** DATASET SECTION follows **
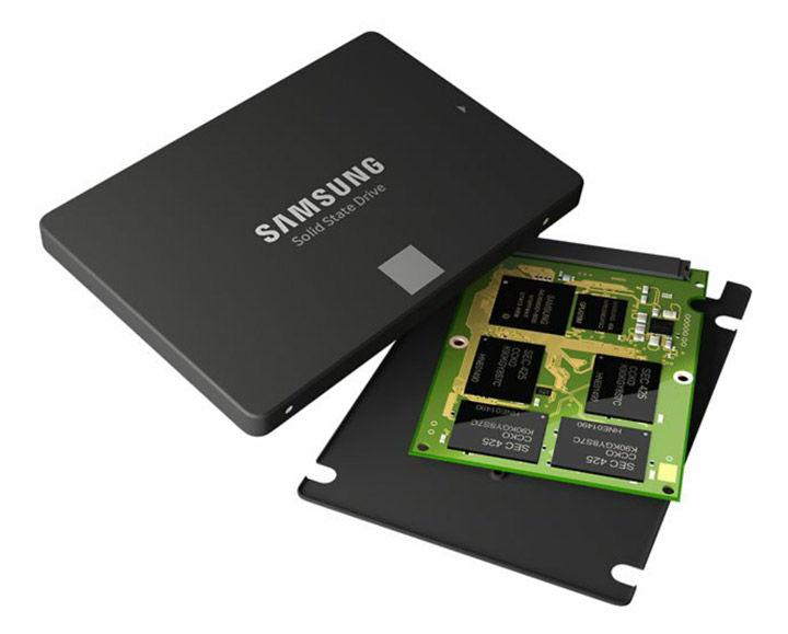 Сам же твердотельный «диск» внутри знакомого корпуса, а первые серии выполнялись в форм-факторе 2,5 и 3,5 дюймовых HDD, представляет собой печатную плату с массивами ячеек в виде поверхностно монтируемых чипов, специальный контроллер управления этим массивом и прочие компоненты. В зависимости от конкретного решения может быть или не быть в наличии буфер из DRAM. Это если очень в общих чертах.
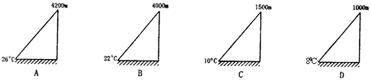 1、单选题 读图,按气温垂在变化一般规律,推算可能有永久性积雪的山峰是
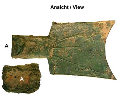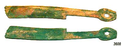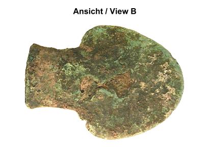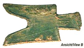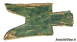 ASIEN: Bronzezeitliche Feldhacke ? (Axt) aus Bronze, ca. 1000 - 500 v.Cr. Abmessungen: ca. 91x2/12,5 mm Gewicht: 77,5 g |
** End of DATASET SECTION **
▸ **TASK**
In your copy, include no pictures; print every line above exactly.

▸ **OUTPUT OF THE EXERCISE**
 Сам же твердотельный «диск» внутри знакомого корпуса, а первые серии выполнялись в форм-факторе 2,5 и 3,5 дюймовых HDD, представляет собой печатную плату с массивами ячеек в виде поверхностно монтируемых чипов, специальный контроллер управления этим массивом и прочие компоненты. В зависимости от конкретного решения может быть или не быть в наличии буфер из DRAM. Это если очень в общих чертах.
 1、单选题 读图,按气温垂在变化一般规律,推算可能有永久性积雪的山峰是
 ASIEN: Bronzezeitliche Feldhacke ? (Axt) aus Bronze, ca. 1000 - 500 v.Cr. Abmessungen: ca. 91x2/12,5 mm Gewicht: 77,5 g |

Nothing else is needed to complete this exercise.